13. CONFIDENTIAL INFORMATION AND PROPERTY - Buyer shall keep confidential, and otherwise protect from disclosure, all data and information, regardless of form, including, but not limited to, drawings, specifications, plans, samples and property obtained from Seller in connection with the order. Buyer shall not disclose any such information relating to the order to any person not authorized by Seller. Buyer shall use the information and property supplied by Seller only in the performance of the order. Nothing contained herein shall grant Buyer any ownership in or rights to any such information or property furnished, except as otherwise specifically agreed to in writing. In the event of a conflict between the terms of this provision and a separate applicable Non-Disclosure Agreement (NDA) between Buyer and Seller, the terms of the NDA shall control.
14. FORCE MAJEURE - Seller shall not be held responsible for any failure of performance or failure to make delivery of all or any part of the goods purchased under this order due to federal, state or municipal action, statute, ordinance or regulation, strike, or other labor trouble, fire damage to or destruction in whole or part of merchandise or manufacturing plant; or any other cause, act of God, contingency, or circumstances within or without the United States, which hinder the manufacture or delivery of goods.
15. ASSIGNMENT - This order shall not be assigned or transferred by Buyer without the prior written consent of the Seller.
16. SELLER'S RIGHT TO TERMINATE FOR DEFAULT - The Seller at its option, may terminate this order for default if any of the following acts of default occur: (a) Buyer's payments are in default; (b) Buyer breaches any material provision of this order; or (c.) Buyer becomes insolvent or a petition under any bankruptcy act or similar statute is filed by or against Buyer and is not vacated within thirty (30) days after such filing. Such termination for default shall be effective upon receipt by Buyer of a written notice of termination for default issued by Seller.

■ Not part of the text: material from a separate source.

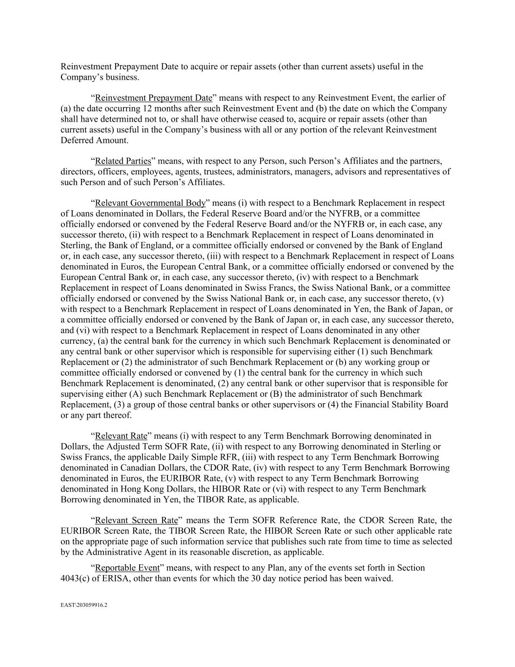 Reinvestment Prepayment Date to acquire or repair assets (other than current assets) useful in the Company’s business. “Reinvestment Prepayment Date” means with respect to any Reinvestment Event, the earlier of (a) the date occurring 12 months after such Reinvestment Event and (b) the date on which the Company shall have determined not to, or shall have otherwise ceased to, acquire or repair assets (other than current assets) useful in the Company’s business with all or any portion of the relevant Reinvestment Deferred Amount. “Related Parties” means, with respect to any Person, such Person’s Affiliates and the partners, directors, officers, employees, agents, trustees, administrators, managers, advisors and representatives of such Person and of such Person’s Affiliates. “Relevant Governmental Body” means (i) with respect to a Benchmark Replacement in respect of Loans denominated in Dollars, the Federal Reserve Board and/or the NYFRB, or a committee officially endorsed or convened by the Federal Reserve Board and/or the NYFRB or, in each case, any successor thereto, (ii) with respect to a Benchmark Replacement in respect of Loans denominated in Sterling, the Bank of England, or a committee officially endorsed or convened by the Bank of England or, in each case, any successor thereto, (iii) with respect to a Benchmark Replacement in respect of Loans denominated in Euros, the European Central Bank, or a committee officially endorsed or convened by the European Central Bank or, in each case, any successor thereto, (iv) with respect to a Benchmark Replacement in respect of Loans denominated in Swiss Francs, the Swiss National Bank, or a committee officially endorsed or convened by the Swiss National Bank or, in each case, any successor thereto, (v) with respect to a Benchmark Replacement in respect of Loans denominated in Yen, the Bank of Japan, or a committee officially endorsed or convened by the Bank of Japan or, in each case, any successor thereto, and (vi) with respect to a Benchmark Replacement in respect of Loans denominated in any other currency, (a) the central bank for the currency in which such Benchmark Replacement is denominated or any central bank or other supervisor which is responsible for supervising either (1) such Benchmark Replacement or (2) the administrator of such Benchmark Replacement or (b) any working group or committee officially endorsed or convened by (1) the central bank for the currency in which such Benchmark Replacement is denominated, (2) any central bank or other supervisor that is responsible for supervising either (A) such Benchmark Replacement or (B) the administrator of such Benchmark Replacement, (3) a group of those central banks or other supervisors or (4) the Financial Stability Board or any part thereof. “Relevant Rate” means (i) with respect to any Term Benchmark Borrowing denominated in Dollars, the Adjusted Term SOFR Rate, (ii) with respect to any Borrowing denominated in Sterling or Swiss Francs, the applicable Daily Simple RFR, (iii) with respect to any Term Benchmark Borrowing denominated in Canadian Dollars, the CDOR Rate, (iv) with respect to any Term Benchmark Borrowing denominated in Euros, the EURIBOR Rate, (v) with respect to any Term Benchmark Borrowing denominated in Hong Kong Dollars, the HIBOR Rate or (vi) with respect to any Term Benchmark Borrowing denominated in Yen, the TIBOR Rate, as applicable. “Relevant Screen Rate” means the Term SOFR Reference Rate, the CDOR Screen Rate, the EURIBOR Screen Rate, the TIBOR Screen Rate, the HIBOR Screen Rate or such other applicable rate on the appropriate page of such information service that publishes such rate from time to time as selected by the Administrative Agent in its reasonable discretion, as applicable. “Reportable Event” means, with respect to any Plan, any of the events set forth in Section 4043(c) of ERISA, other than events for which the 30 day notice period has been waived. EAST\203059916.2

17. ORDER OF PRECEDENCE – In the event of any inconsistency or conflict between or among the provisions of this order, such inconsistency or conflict shall be resolved by the following descending order of preference: (a) Special Terms and Conditions, if any; (b) General Terms and Conditions; (c) Statement of Work; (d) other incorporated or referenced documents; and (e) Specifications attached hereto or incorporated by reference.
18. OBSOLESCENCE - Seller makes no guarantee or warranty regarding future obsolescence and shall not be liable for any damages, direct, indirect or consequential, for the obsolescence of a device or component. Further Seller shall not be liable for any costs to retrofit or redesign product that is out of warranty. Where replacement of an obsolete part may be achieved with an interchangeable component part, and the cost of that interchangeable part is the same or less than the obsolete part, Seller may incorporate that part in the future manufacture or repair of Sellers component or custom device. Where the obsolete component part is NOT interchangeable and /or the obsolete component part requires any redesign to accommodate a substitute or replacement component, Seller and Buyer will negotiate a reasonable price to manufacture, qualify, test, retrofit, or repair Seller’s components or custom devices. Seller shall not be liable for consequential expenses encountered in any termination, partial termination, or extension of a contract due to obsolescence.